# Dataset section
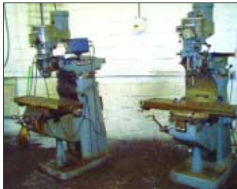
BRIDGEPORT MILLING MACHINES
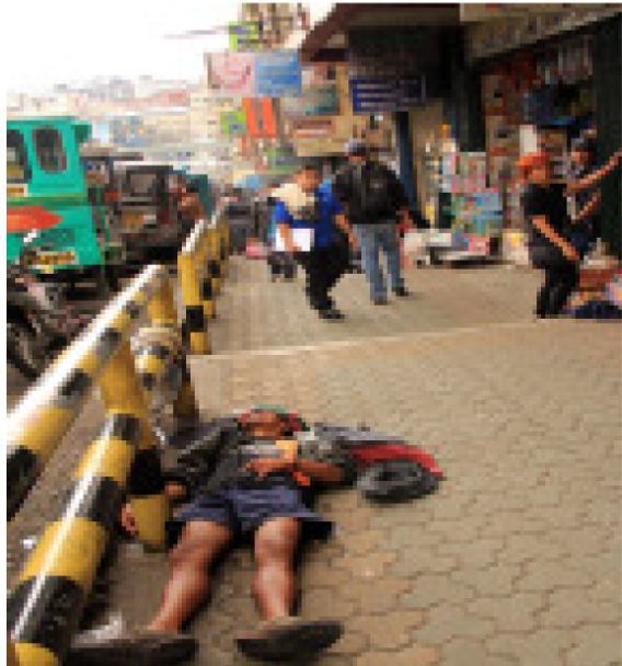
A LOONY sleeps along a pedestrian lane at the city market obstructing the market goers. Offices concerned are wondering how loonies from nearby provinces were able to come up to the city./By Bong Cayabyab

EARN $60 A DAY (OR P65K A MONTH) WORKING AT HOME!

# Prompt
Each line of the data above must be repeated exactly, images excluded.

# Solution to the problem
BRIDGEPORT MILLING MACHINES
A LOONY sleeps along a pedestrian lane at the city market obstructing the market goers. Offices concerned are wondering how loonies from nearby provinces were able to come up to the city./By Bong Cayabyab

EARN $60 A DAY (OR P65K A MONTH) WORKING AT HOME!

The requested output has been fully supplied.